— Activity —
Which lines run from the start of the data below to the line containing "由圖3、圖4可以看出,相同火"? Set them down exactly, with none added.

— Given records —
....
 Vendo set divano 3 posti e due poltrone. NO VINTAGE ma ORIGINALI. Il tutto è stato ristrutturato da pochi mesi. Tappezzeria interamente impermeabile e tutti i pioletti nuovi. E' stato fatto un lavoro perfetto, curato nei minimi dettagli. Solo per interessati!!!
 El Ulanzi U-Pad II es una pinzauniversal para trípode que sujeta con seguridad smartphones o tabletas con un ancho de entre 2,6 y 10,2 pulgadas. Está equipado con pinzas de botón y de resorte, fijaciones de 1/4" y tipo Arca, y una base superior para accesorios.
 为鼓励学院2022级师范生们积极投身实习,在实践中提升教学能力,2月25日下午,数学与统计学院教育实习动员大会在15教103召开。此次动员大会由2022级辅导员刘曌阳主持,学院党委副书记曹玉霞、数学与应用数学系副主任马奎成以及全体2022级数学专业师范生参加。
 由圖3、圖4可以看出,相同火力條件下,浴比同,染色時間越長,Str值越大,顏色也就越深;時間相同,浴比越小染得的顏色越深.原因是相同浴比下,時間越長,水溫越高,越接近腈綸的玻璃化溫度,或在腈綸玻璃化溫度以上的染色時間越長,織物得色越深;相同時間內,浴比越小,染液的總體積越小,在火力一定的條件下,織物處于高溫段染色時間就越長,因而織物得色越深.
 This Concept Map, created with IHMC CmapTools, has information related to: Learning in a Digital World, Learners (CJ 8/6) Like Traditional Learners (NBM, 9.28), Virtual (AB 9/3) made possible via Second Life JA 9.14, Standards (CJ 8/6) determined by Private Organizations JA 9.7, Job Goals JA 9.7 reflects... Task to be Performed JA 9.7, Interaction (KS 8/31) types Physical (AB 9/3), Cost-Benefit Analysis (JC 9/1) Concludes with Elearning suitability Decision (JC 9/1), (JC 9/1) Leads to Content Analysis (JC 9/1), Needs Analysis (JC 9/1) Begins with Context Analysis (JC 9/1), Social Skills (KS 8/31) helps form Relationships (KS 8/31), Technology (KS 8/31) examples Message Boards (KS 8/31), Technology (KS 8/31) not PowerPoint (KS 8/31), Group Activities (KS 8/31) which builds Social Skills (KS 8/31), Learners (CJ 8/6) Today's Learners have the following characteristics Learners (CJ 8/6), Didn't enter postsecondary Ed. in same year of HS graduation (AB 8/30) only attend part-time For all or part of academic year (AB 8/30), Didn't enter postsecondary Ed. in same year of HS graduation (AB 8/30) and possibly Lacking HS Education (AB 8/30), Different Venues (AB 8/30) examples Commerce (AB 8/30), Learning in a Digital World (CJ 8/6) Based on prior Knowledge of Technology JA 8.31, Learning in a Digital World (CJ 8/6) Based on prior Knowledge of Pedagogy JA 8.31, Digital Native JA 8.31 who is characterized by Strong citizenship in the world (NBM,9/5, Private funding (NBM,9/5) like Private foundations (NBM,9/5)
....
— Solution to the problem —
 Vendo set divano 3 posti e due poltrone. NO VINTAGE ma ORIGINALI. Il tutto è stato ristrutturato da pochi mesi. Tappezzeria interamente impermeabile e tutti i pioletti nuovi. E' stato fatto un lavoro perfetto, curato nei minimi dettagli. Solo per interessati!!!
 El Ulanzi U-Pad II es una pinzauniversal para trípode que sujeta con seguridad smartphones o tabletas con un ancho de entre 2,6 y 10,2 pulgadas. Está equipado con pinzas de botón y de resorte, fijaciones de 1/4" y tipo Arca, y una base superior para accesorios.
 为鼓励学院2022级师范生们积极投身实习,在实践中提升教学能力,2月25日下午,数学与统计学院教育实习动员大会在15教103召开。此次动员大会由2022级辅导员刘曌阳主持,学院党委副书记曹玉霞、数学与应用数学系副主任马奎成以及全体2022级数学专业师范生参加。
 由圖3、圖4可以看出,相同火力條件下,浴比同,染色時間越長,Str值越大,顏色也就越深;時間相同,浴比越小染得的顏色越深.原因是相同浴比下,時間越長,水溫越高,越接近腈綸的玻璃化溫度,或在腈綸玻璃化溫度以上的染色時間越長,織物得色越深;相同時間內,浴比越小,染液的總體積越小,在火力一定的條件下,織物處于高溫段染色時間就越長,因而織物得色越深.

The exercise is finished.